HP Embraces Solaris on ProLiant Servers

A new agreement between two big rivals in servers will see HP offering Sun’s Solaris operating system on its best-selling ProLiant x86 servers.

In addition to distributing and supporting Solaris on its servers, the companies’ expanded, multiyear program will also see HP, No. 2 in server sales, (NYSE: HPQ) working with Sun to improve support for enterprise customers.

The announcement today by HP and Sun — typically at each other’s throats when it comes to server sales — may sound like an unusual strategy. That’s especially true considering that Sun (NASDAQ: JAVA), at fourth place in servers, is under the gun to acquire new customers and keep the ones it has.

But Sun has been formally supporting x86 since 2007, and John Fowler, executive vice president for systems at Sun, told InternetNews.com that it’s not always about competing in hardware sales.

“For a long time, we’ve had a strategy of selling our software on other vendors’ hardware,” he said. “We do that with MySQL, with Solaris, our identity management software… we have a broad range of software properties and we spend a lot of energy on making them run on other platforms.
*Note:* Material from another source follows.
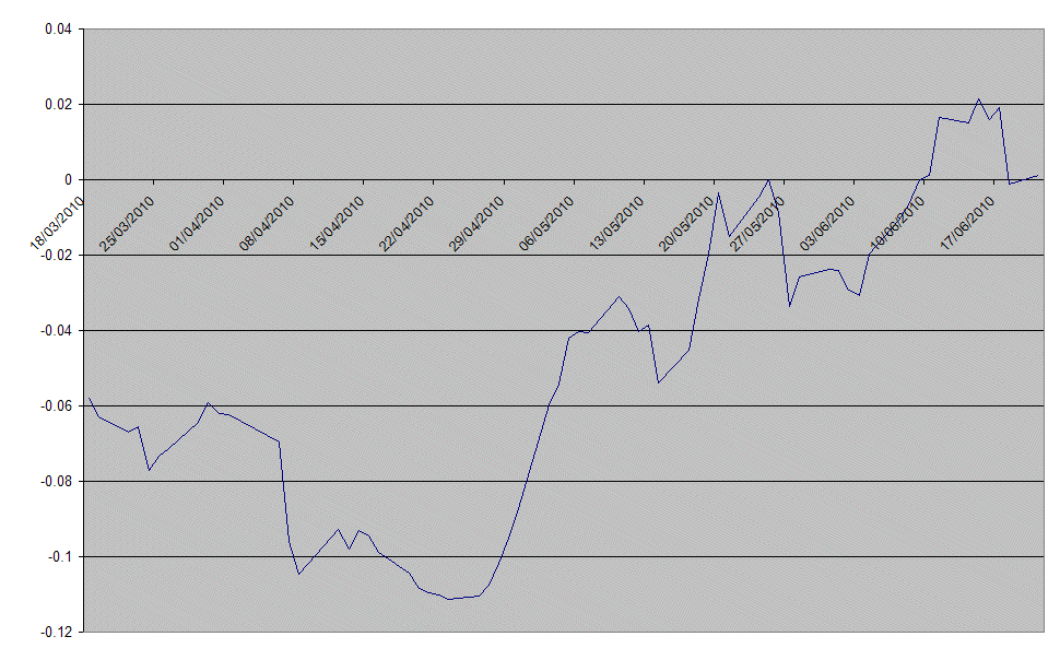 He ahi nuestro problema... buscar dos valores cointegrados perfectamente, bueno, eso es lo dificil, pero lo primero que se me ocurrio fue que una media de cualquier valor siempre esta cointegrada con dicho valor, pero... siempre hay un pero, nosotros no podemos tradear con el valor de la media (si asi fuera seria un arbitraje perfecto), en cada punto de trade que cogeriamos siempre ganariamos la distancia que hay de la media al valor, guauuu ... siempre siempre y sin excepciones...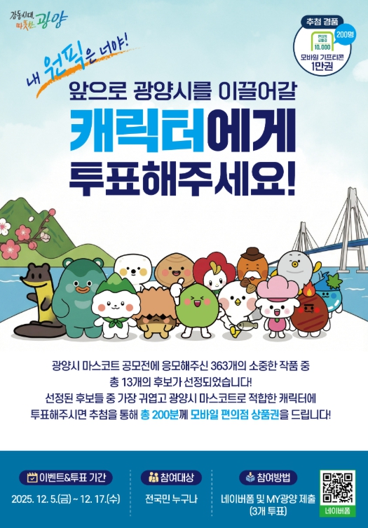 ![]() 광양시, ‘마스코트 디자인 공모전’ 선호도 투표 |

This is a way to reach customers that HP reaches that we might not otherwise reach with our software.”

At the same time, HP software will be expanded on the Solaris platform, according to Mark Potter, general manager for BladeSystem and Insight Software at HP.

HP’s Systems Insight Manager, ProLiant Server Health Driver and integrated Lights Out management software are all on Solaris, with more to come. “As part of this agreement in bringing Solaris up to this strategic level, customers should expect further integration and the solution will only improve,” he told InternetNews.com.

Solaris will now be on equal footing with the other operating systems HP offers its ProLiant customers — Windows Server, Red Hat Linux and SuSE Linux. HP will support Solaris on ProLiant through its EDS unit to focus around applications, infrastructure and modernization of services, Potter said.

Ulrich Schoen, head of technology for Nokia Siemens Networks, a provider of communications equipment, said Solaris on ProLiant gives the company a best-of-breed package. “This will actually enable us to leverage industry hardware and software components so we can focus our own R&D on innovations that will benefit our customers,” he told InternetNews.com.

In addition to optimizing Solaris on x86, Sun and HP worked with Intel on the development of the chipmaking giant’s Nehalem platform and are prepared to support it when Intel (NASDAQ: INTC) launches the Nehalem-EP server processor. Nehalem takes advantage of features in Solaris, like virtualization, power management and improved reliability and scalability, Fowler said.

Also as a result of the two companies’ agreement, HP will increase its involvement in the OpenSolaris community.

Until now, OpenSolaris — the “test bed” version of Solaris that’s used to create new technologies for testing, and which sees more frequent updates than regular Solaris — could be installed on a ProLiant, but HP had offered no support. Now, however, customers working with OpenSolaris can get formal technical support from HP, it said.